A lot of them actually. There’s a mutton stew in there which is something we make quite often. There’s a chicken and rice casserole which is one of my favourite dishes from the blog, it’s something that Mum came up with years ago and made a lot of when I was growing up. 

When cooking, what’s an ingredient you can’t get enough of?
Curry leaves! I love curry leaves. I think they have a delicate complexity and the flavour really takes me back home. 

There is a perception that family recipes are entirely ordinary. Why should we be documenting heirloom culinary traditions?
For one, because it’s one kind of memory we have of the past. I think more people are starting to see the value in it now. Especially because the way we are cooking has changed so drastically, and in the gap between the previous generation and ours, a lot of recipes have fallen through. There is enormous cultural value in preserving recipes. Other than that, to me, there’s also sentimental value in cooking food that my family has been making for generations. 

What is the most challenging aspect of writing a food blog at a time when blogging has given way to commercialisation?
When I think of Malabar Tea Room, there’s a lot of guilt around it because I don’t post enough. I don’t follow a set schedule, so a lot of doubt creeps in. And I have to remind myself that that’s okay and it doesn’t have to run like clockwork. It’s more organic. It doesn’t need to be an automated production. It’s okay to have a part of your life that is not monetised and commercialised. 

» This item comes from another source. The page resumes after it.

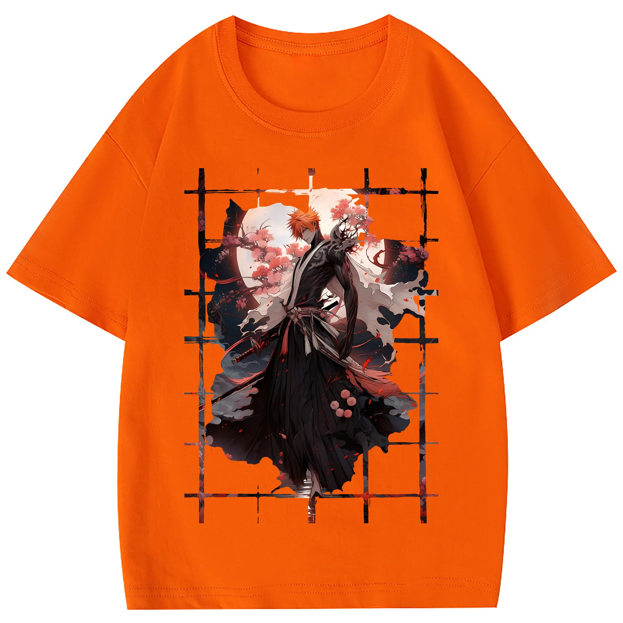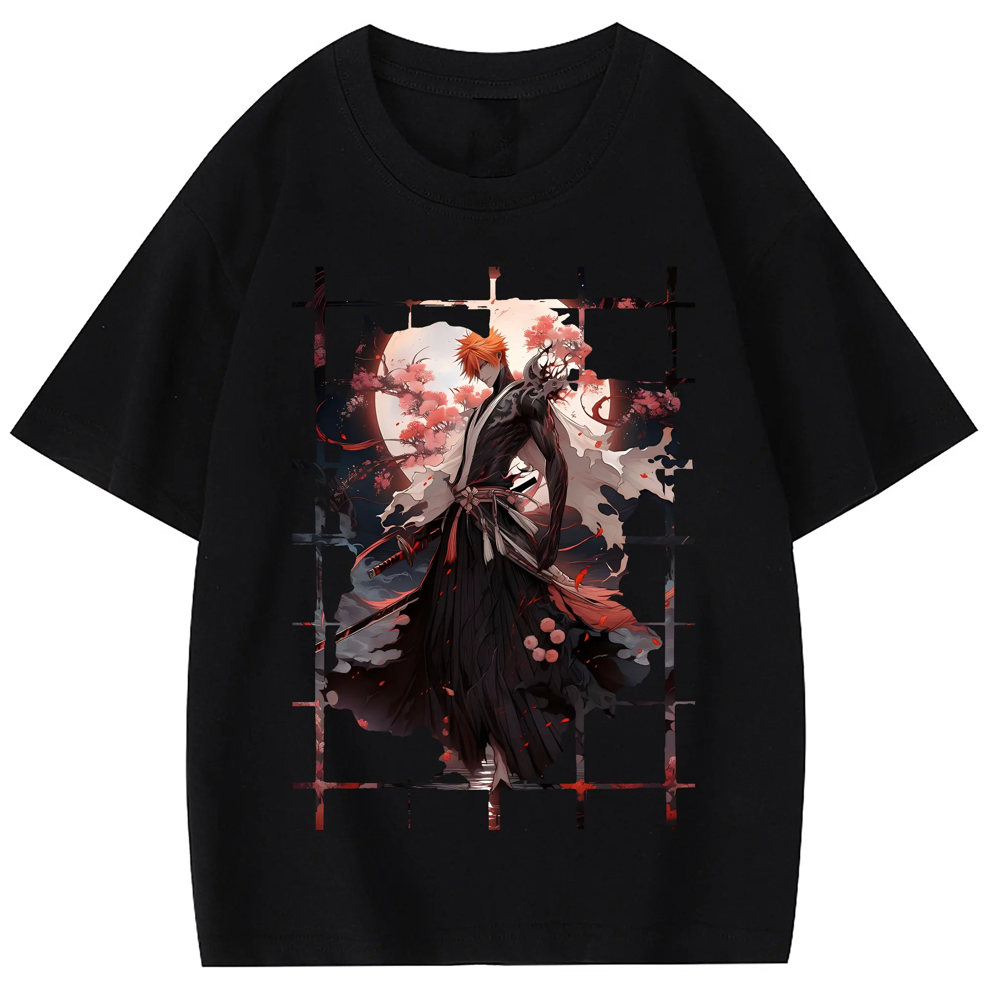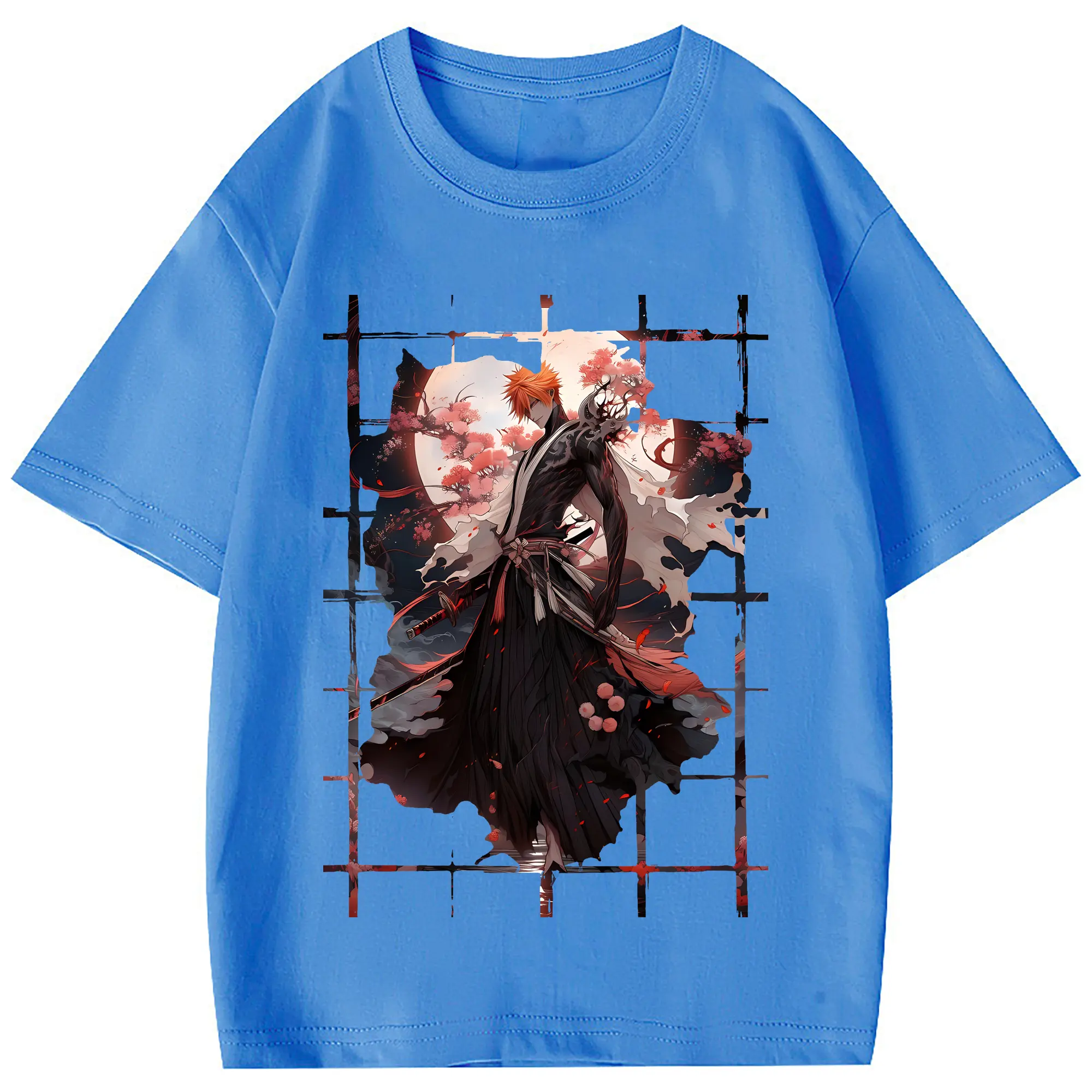 ブリーチ グッズ 黒崎 一護 - 綿100% 半袖Tシャツ ・ フロントプリント ・ 快適 通気性 ・ 日常使い 散歩 スポーツ用

Has social media changed how you document?
I had always been under the delusion that social media has changed our reach and readership. Maybe it has in some ways, but to be honest, most of our viewership still comes from direct traffic, not through social media. It’s people who remember the blog and make it a point to come back. It includes an older viewership who may not be following us on Instagram or other social media channels. 

You extensively documented what you cooked and ate in quarantine. What has your biggest takeaway been from this pandemic year?
I wish I had some clear takeaway from the mess that was last year, but I think, like everyone else, I just muddled my way through it. I am cooking a lot less than I did at the start of the pandemic. I think I have a little bit of cooking fatigue and I see that with a lot of people around me. But I am not too worried, I know I’ll go back to it. I think one way that a lot of us coped with the pandemic was just by cooking, and I did too. It was an escape, and a fun one for sure.